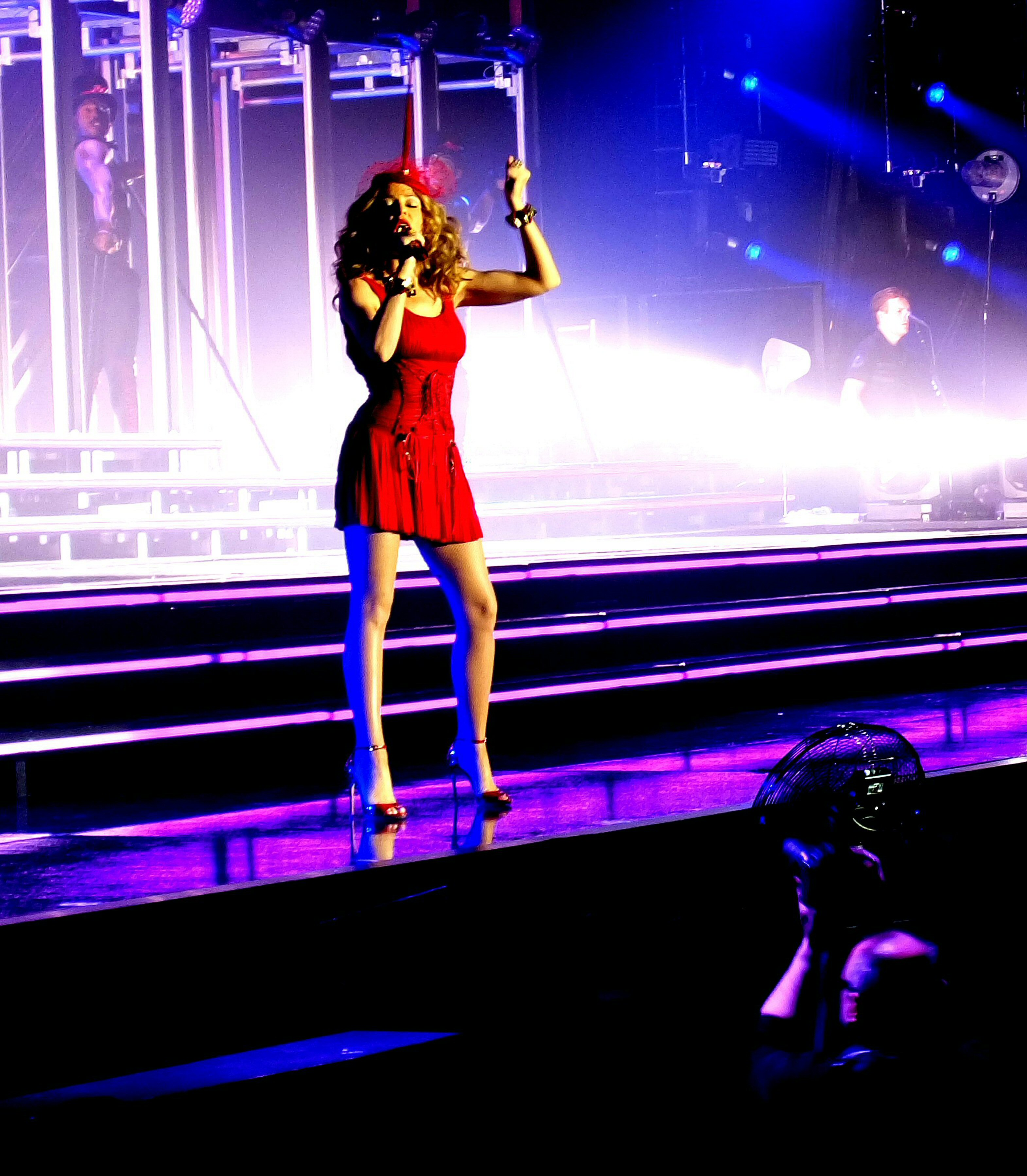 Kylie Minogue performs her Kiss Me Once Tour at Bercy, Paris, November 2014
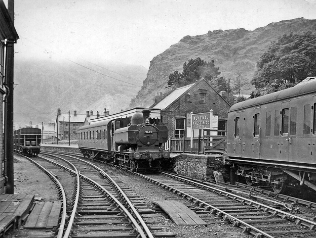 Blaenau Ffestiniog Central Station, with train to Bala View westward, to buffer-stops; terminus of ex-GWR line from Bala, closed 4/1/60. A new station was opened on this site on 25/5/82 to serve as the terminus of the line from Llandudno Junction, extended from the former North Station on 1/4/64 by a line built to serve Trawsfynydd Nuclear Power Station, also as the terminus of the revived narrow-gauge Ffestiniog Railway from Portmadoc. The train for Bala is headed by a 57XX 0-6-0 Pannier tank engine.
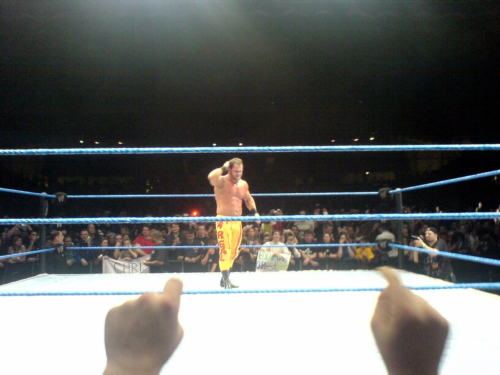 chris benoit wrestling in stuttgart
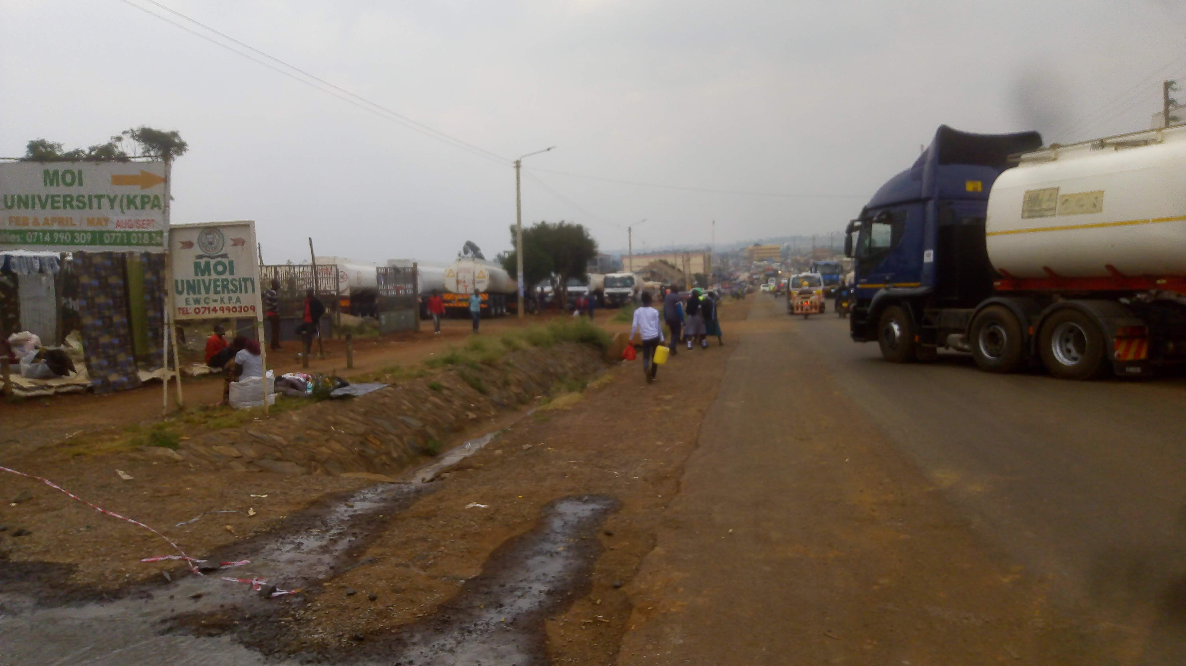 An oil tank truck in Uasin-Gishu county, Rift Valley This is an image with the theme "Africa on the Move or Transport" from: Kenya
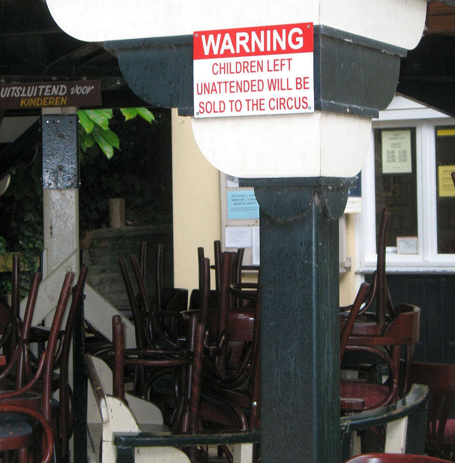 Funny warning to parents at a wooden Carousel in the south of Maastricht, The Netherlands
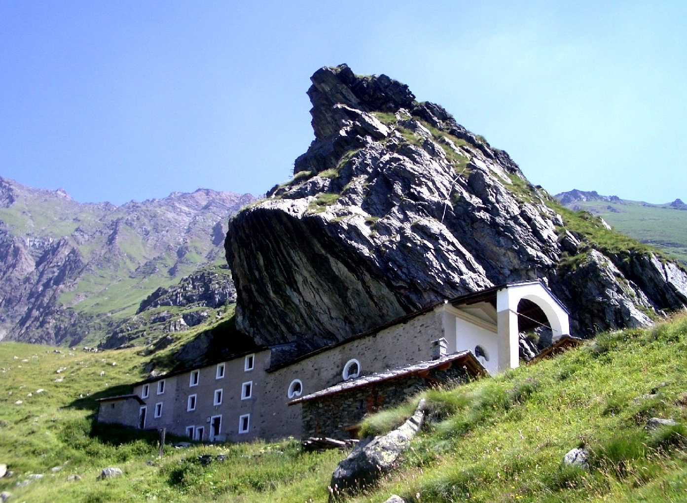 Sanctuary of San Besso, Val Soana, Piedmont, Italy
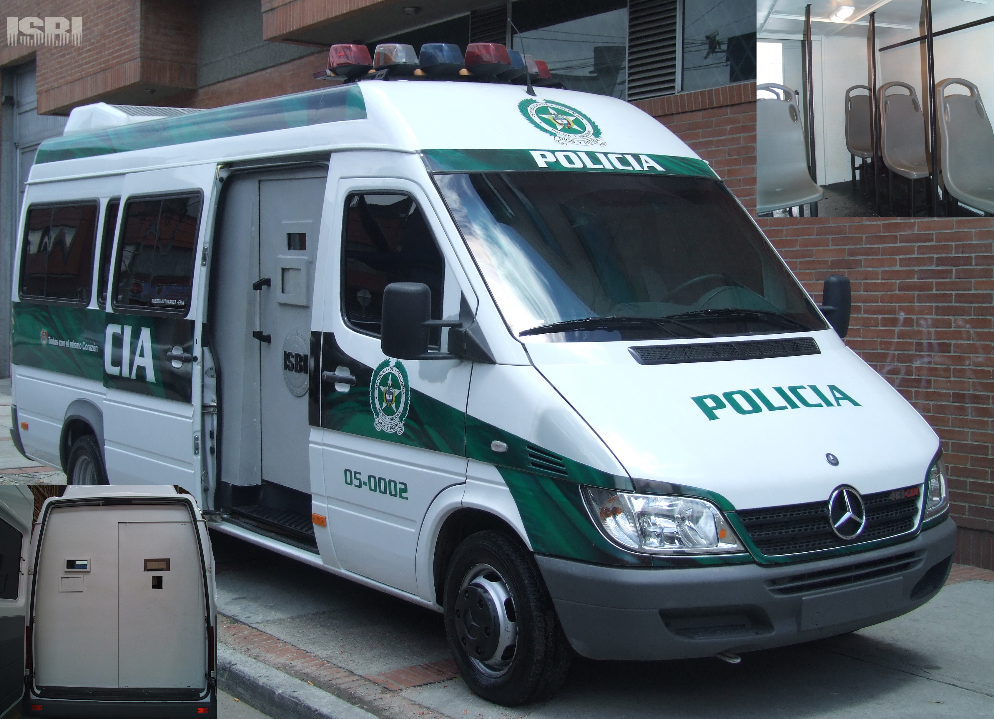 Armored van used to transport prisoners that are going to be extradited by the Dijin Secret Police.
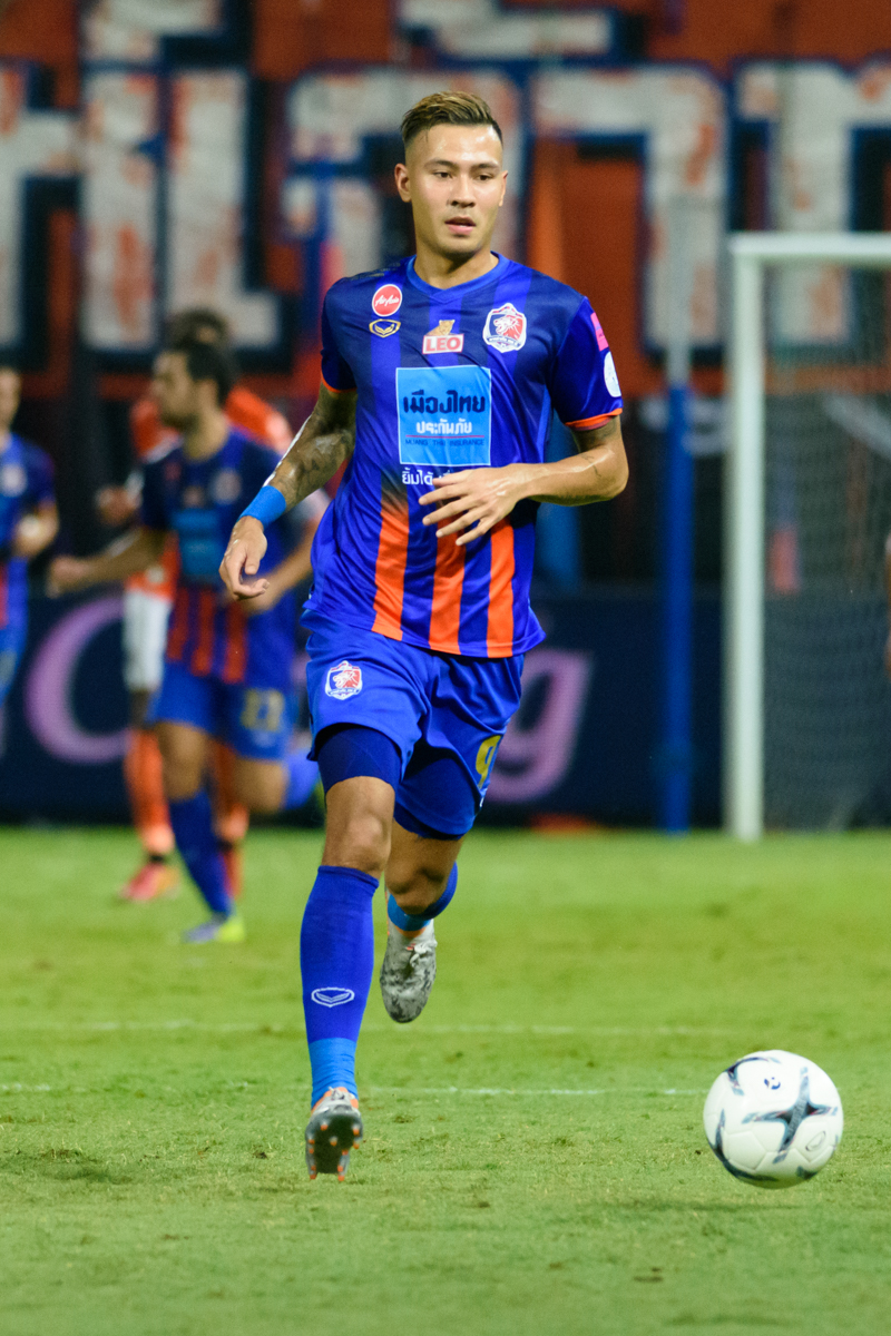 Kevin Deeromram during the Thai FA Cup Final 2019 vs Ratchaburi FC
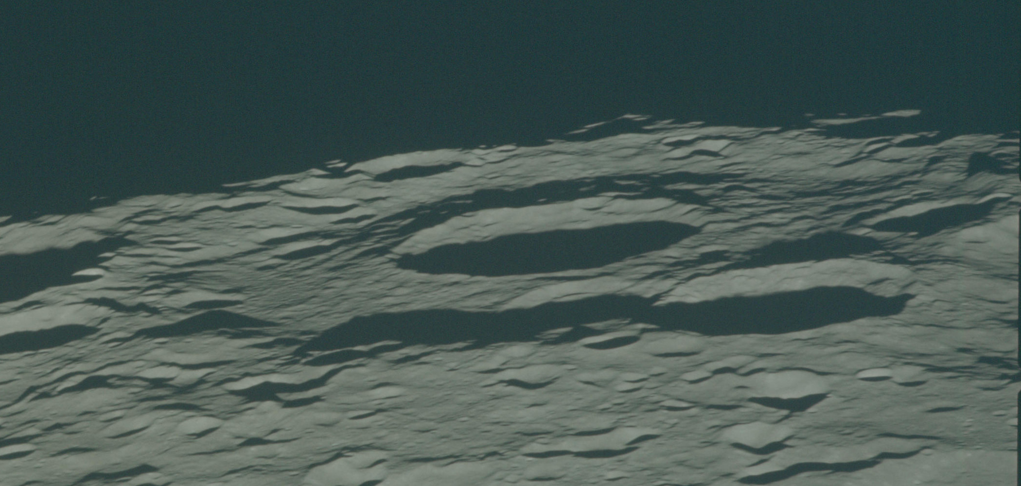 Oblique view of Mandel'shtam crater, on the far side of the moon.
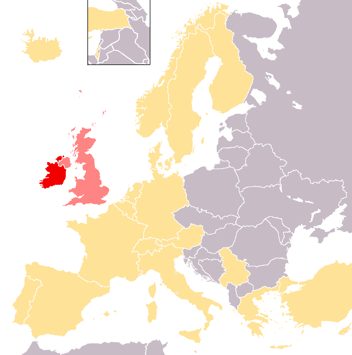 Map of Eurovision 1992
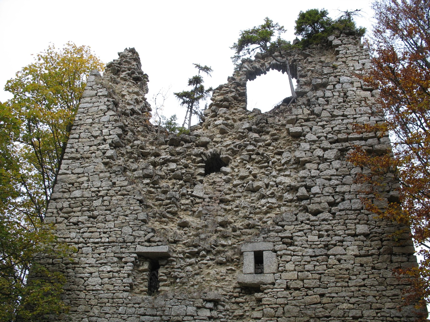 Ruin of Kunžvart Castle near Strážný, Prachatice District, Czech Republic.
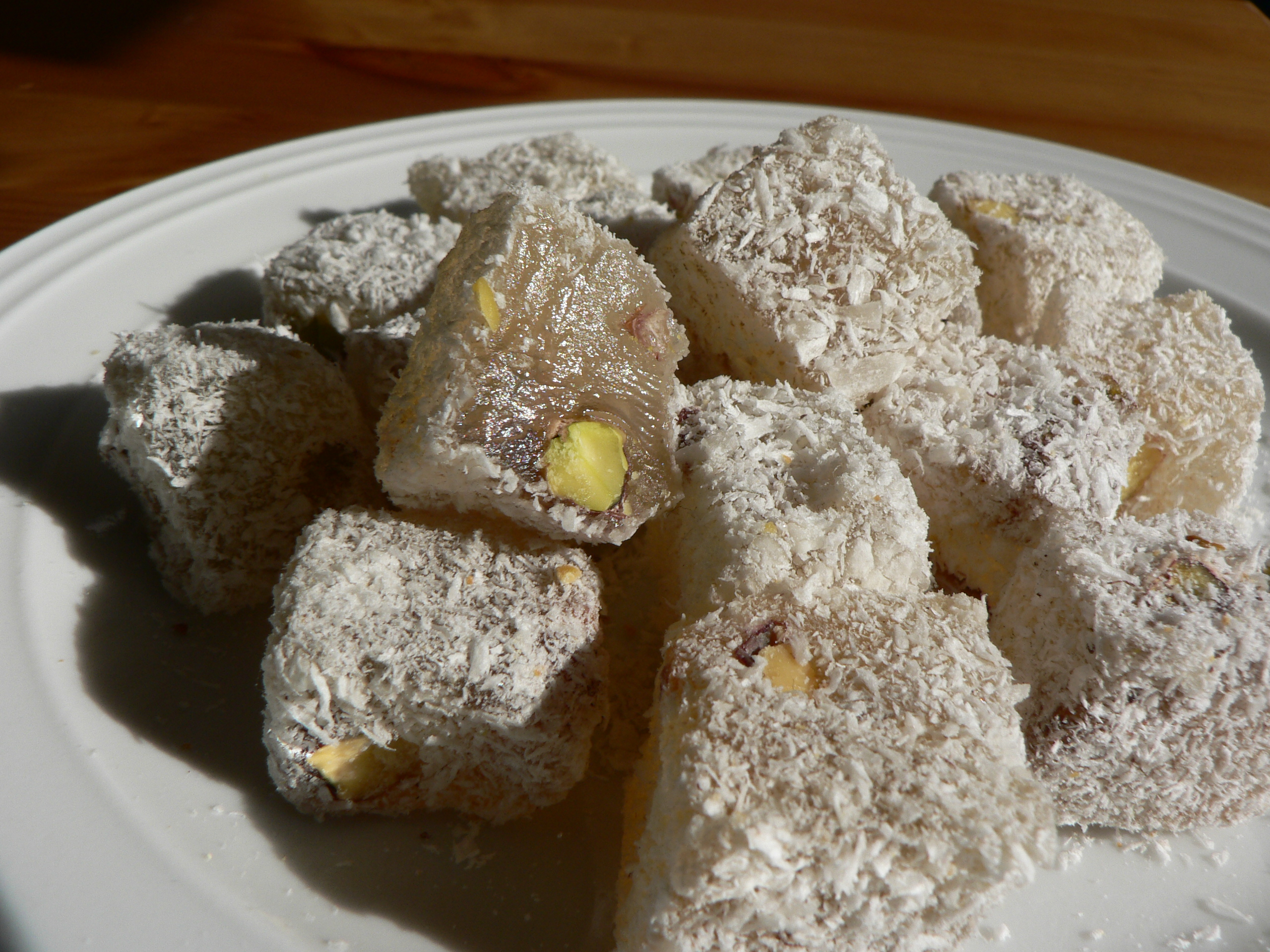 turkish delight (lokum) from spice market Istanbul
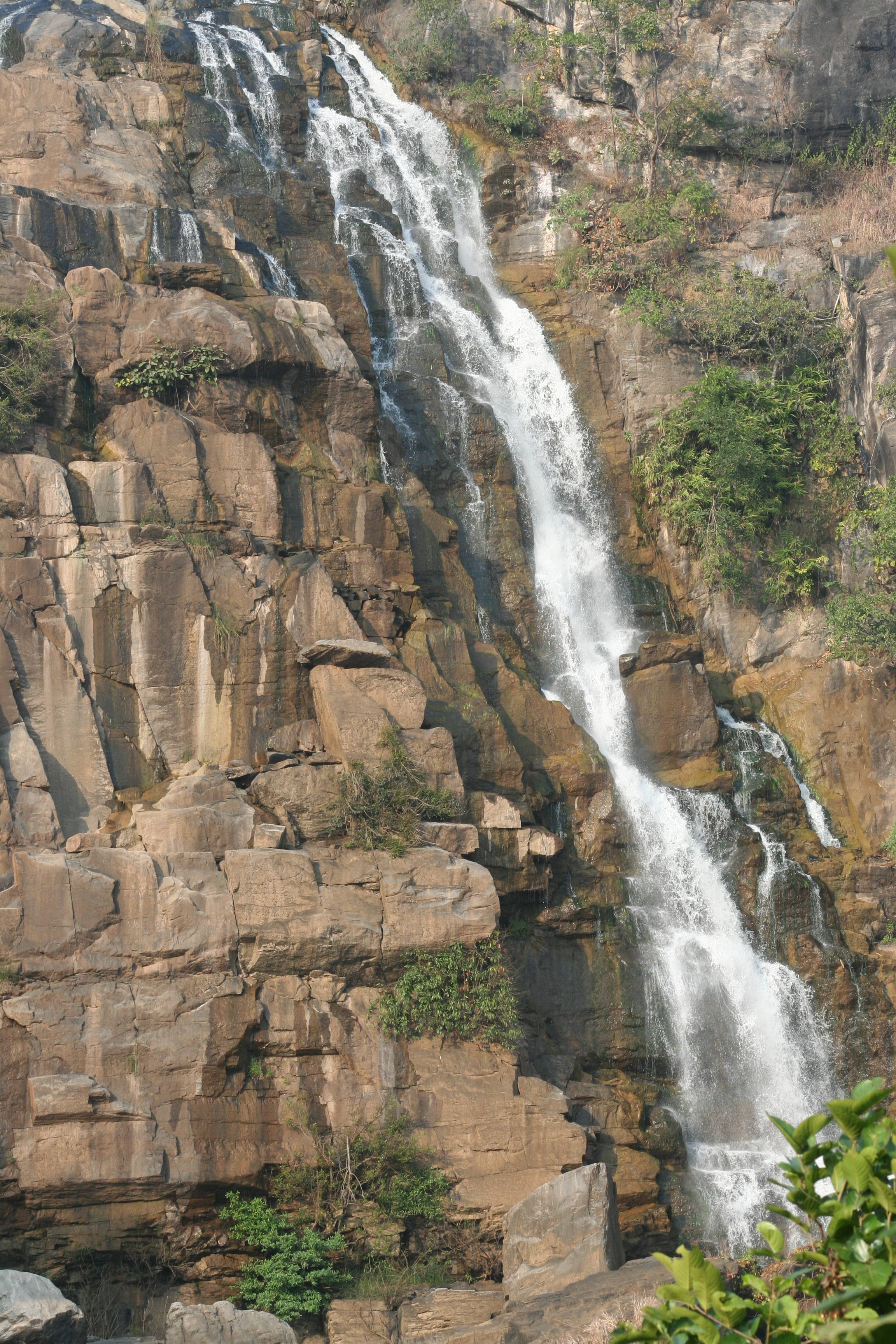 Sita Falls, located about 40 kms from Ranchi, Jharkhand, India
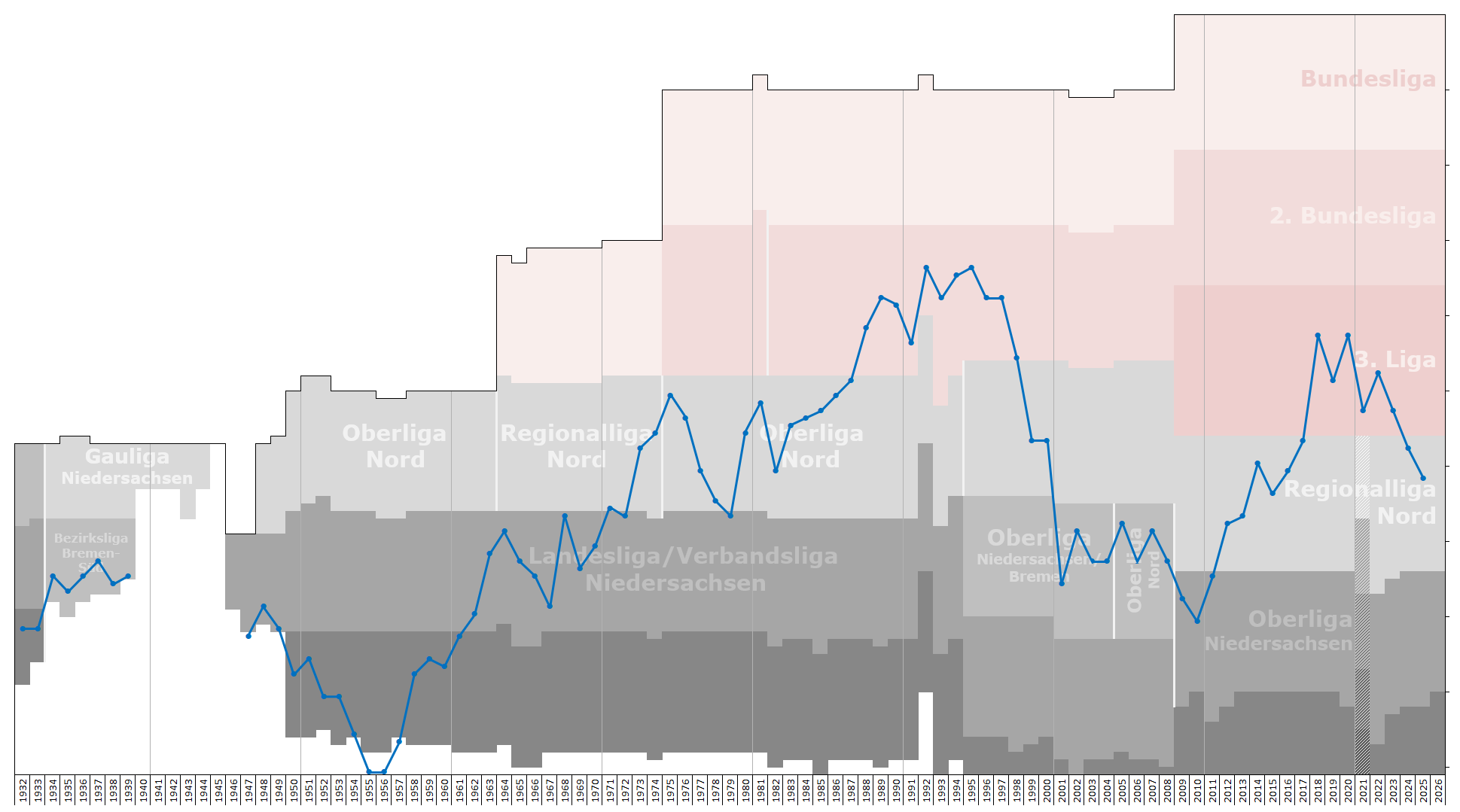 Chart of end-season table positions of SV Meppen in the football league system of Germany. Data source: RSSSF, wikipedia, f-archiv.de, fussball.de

* **Activity**
From the first line of the material down to the line containing "Sanctuary of San", inclusive, return each line exactly, skipping any picture.

* **Solution to this task**
 Kylie Minogue performs her Kiss Me Once Tour at Bercy, Paris, November 2014
 Blaenau Ffestiniog Central Station, with train to Bala View westward, to buffer-stops; terminus of ex-GWR line from Bala, closed 4/1/60. A new station was opened on this site on 25/5/82 to serve as the terminus of the line from Llandudno Junction, extended from the former North Station on 1/4/64 by a line built to serve Trawsfynydd Nuclear Power Station, also as the terminus of the revived narrow-gauge Ffestiniog Railway from Portmadoc. The train for Bala is headed by a 57XX 0-6-0 Pannier tank engine.
 chris benoit wrestling in stuttgart
 An oil tank truck in Uasin-Gishu county, Rift Valley This is an image with the theme "Africa on the Move or Transport" from: Kenya
 Funny warning to parents at a wooden Carousel in the south of Maastricht, The Netherlands
 Sanctuary of San Besso, Val Soana, Piedmont, Italy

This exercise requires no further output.